Employment data for the graduating law class of 2021 as reported by American Bar Association-approved law schools to the ABA Section of Legal Education and Admissions to the Bar (www.americanbar.org/groups/legal_education) is now publicly available.
An online table provides select national outcomes and side-by-side comparisons for the classes of 2020 and 2021. Further reports on employment outcomes, including links to individual school outcomes and spreadsheets aggregating those reports, are now available on the ABA Required Disclosures page of the section's website (www.americanbar.org/groups/legal_education/resources/statistics). Schools can make minor corrections to their individual school outcomes for the Class of 2021 until Dec. 20. These corrections will be reflected in the Employment Summary Reports that are required to be posted publicly on their websites, as well as on the ABA Required Disclosures page.
Each year's employment outcomes measure law graduate employment on March 15, which is approximately 10 months after spring graduation. Under Interpretation 509-2 of Standard 509, law schools are permitted to publicize additional employment outcome data beyond what the Employment Protocols require as long as the information complies with Standard 509(a). Standard 509(a) requires that all information that a law school reports, publicizes or distributes shall be complete, accurate and not misleading to a reasonable law school student or applicant.
For the class of 2021, the aggregated school data shows that 29,624 or 83% of the 2021 graduates of the 196 law schools enrolling students and approved by the ABA to offer the J.D. degree were employed in full-time, long-term Bar Passage Required or J.D. Advantage jobs roughly 10 months after graduation. That compares to 26,638 or 77.4% of the graduates reporting similar full-time, long-term jobs last year. The actual number of full-time, long-term Bar Passage Required or J.D. Advantage jobs increased by 2,986 (+11.2%) year-over-year.

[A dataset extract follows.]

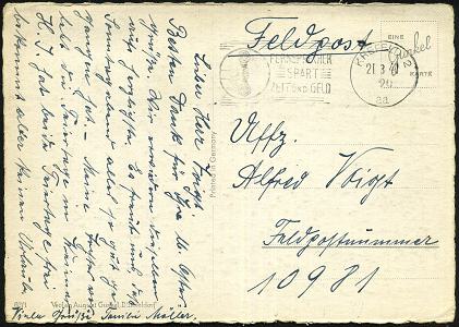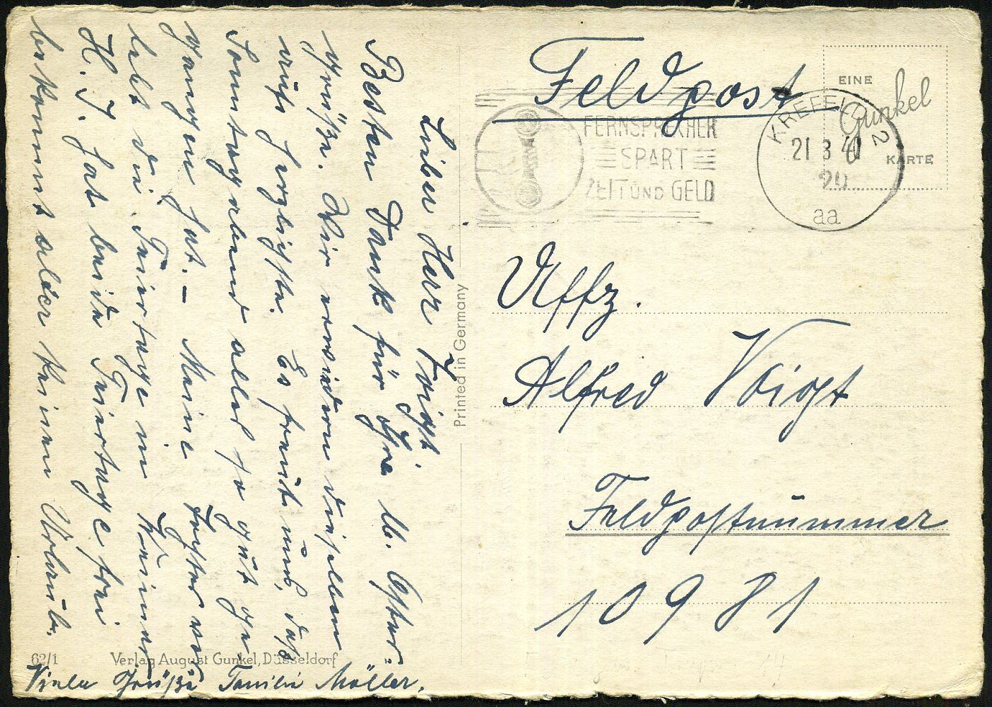 7049 | 12 € | 4150 Krefeld allgem. Belege, Tages-, Sonder- u. Maschinenstempel etc. : KREFELD 2/ aa/ FERNSPRECHER/ SPART/ ZEIT u.GELD 1940 (21.3.) MWSt (Telefonhörer) auf Oster-Feldpost-Ak. an Fp.Nr. 10981 = Feld-Gendarmerie-Trupp 14 (Bo.S 102 A) | ![]() | |

"The higher percentage of graduates in the Bar Passage Required or J.D. Advantage jobs likely reflects a modest increase in the number of jobs nationwide, perhaps due to the legal market's recovery from the impact of the pandemic," said Bill Adams, managing director of ABA accreditation and legal education. "This is encouraging given there was also a 3.8% increase in the number of total graduates."

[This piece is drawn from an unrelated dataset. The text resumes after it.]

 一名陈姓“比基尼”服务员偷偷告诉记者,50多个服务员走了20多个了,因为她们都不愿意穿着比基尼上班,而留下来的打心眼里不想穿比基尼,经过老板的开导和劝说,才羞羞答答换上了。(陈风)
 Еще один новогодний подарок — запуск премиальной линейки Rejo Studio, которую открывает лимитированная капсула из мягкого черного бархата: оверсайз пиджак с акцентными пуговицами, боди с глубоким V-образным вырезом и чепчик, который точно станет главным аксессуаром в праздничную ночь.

The ABA's accrediting body, under Standard 509 of the ABA Standards and Rules of Procedure for Approval of Law Schools, requires schools to report to the ABA and publicly disclose varied information, including employment outcomes. Employment and other statistics are posted to the section's statistics web page. Bar passage data will be posted later this month.
The Council of the ABA Section of Legal Education and Admissions to the Bar is recognized by the U.S. Department of Education as the national accrediting agency for programs leading to the J.D. The section's 14,000 members strive to improve legal education and lawyer licensing by fostering cooperation among legal educators, practitioners and judges through workshops, conferences and publications. The section also studies and makes recommendations for the improvement of the bar admission process, and the section and its governing council operate for accreditation purposes as independent arms of the ABA.